So, how are all those details modeled in microkernels formal verification process? Well, as far as I'm aware, they are not! They are simply ignored. The nice way of saying this in academic papers is to say that "we trust the hardware". This, however, might be incorrectly understood by readers to mean "we don't consider physical attacks". But this is not equal! And I will give a practical example in a moment.

I can bet that even the chipset manufactures (think e.g. Intel) do not have formal models for their chipsets (again, I will give a good example to support this thesis below).

But why are the chipsets so important? Perhaps they are configured "safe by default" on power on, so even if we don't model all the configuration registers, and their effects on the system, and if we won't be playing with them, maybe it's safe to assume all will be fine then?

Well, it might be that way, if we could have secure microkernels without IOMMU/VT-d and without some trusted boot mechanism.

But we need IOMMU. Without IOMMU there is no security benefit of having a microkernel vs. having a good-old monolithic kernel.
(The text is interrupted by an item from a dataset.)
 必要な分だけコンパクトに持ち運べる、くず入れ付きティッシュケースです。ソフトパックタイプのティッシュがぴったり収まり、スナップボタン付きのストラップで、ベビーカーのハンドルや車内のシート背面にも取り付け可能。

Let me repeat this statement again: there is no point in building a microkernel-based system, if we don't correctly use IOMMU to sandbox all the drivers.
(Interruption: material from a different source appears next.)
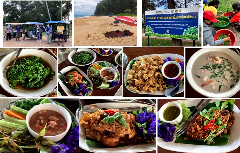 วันที่สอง อาหารเช้าที่โรงแรม– เที่ยวชุมชนไม้ขาว นั่งสามล้อชมวิวทะเล สปาทราย ชมการจับจั่กจั่นทะเล เก็บ และปลูกผักลิ้นห่าน ชิมอาหารพื้นบ้าน

Now, setting up IOMMU/VT-d permissions require programming the chipset's registers, and is by no means a trivial task (see the the Intel VT-d spec to get an impression, if you don't believe me). Correctly setting up IOMMU is one of the most security-critical tasks to be done by a hypervisor/microkernel, and so it would be logical to expect that they also formally prove that this part is done flawlessly...

The next thing is the trusted boot. I will argue that without proper trusted boot implementation, the system cannot be made secure. And I'm not talking about physical attacks, like Evil Maid. I'm talking about true, remote, software attacks. If you haven't read it already, please go back and read my very recent post on "Remotely Attacking Network Cards". Building on Loic's and Yves-Alexis' recent research, I describe there a scenario how we could take their attack further to compromise even such a securely designed system as Qubes. And this could be possible, because of a flaw in TXT implementation. And, indeed, we demonstrated an attack on Intel Trusted Execution Technology that exploits one such flaw before.

Let's quickly sketch the whole attack in points:

  1. The attacker attacks a flaw in the network card processing code (Loic and Yves-Alexis)

  2. The attacker replaces the NIC's firmware in EEPROM to survive the reboot (Loic and Yves-Alexis)

  3. The new firmware attacks the system trusted boot via a flaw in Intel TXT (ITL)

    • If the system uses SRTM instead, it's even easier -- see the previous post (ITL)

    • If you have new SINIT module that patched our attack, there is still an avenue to attack TXT via SMM (ITL)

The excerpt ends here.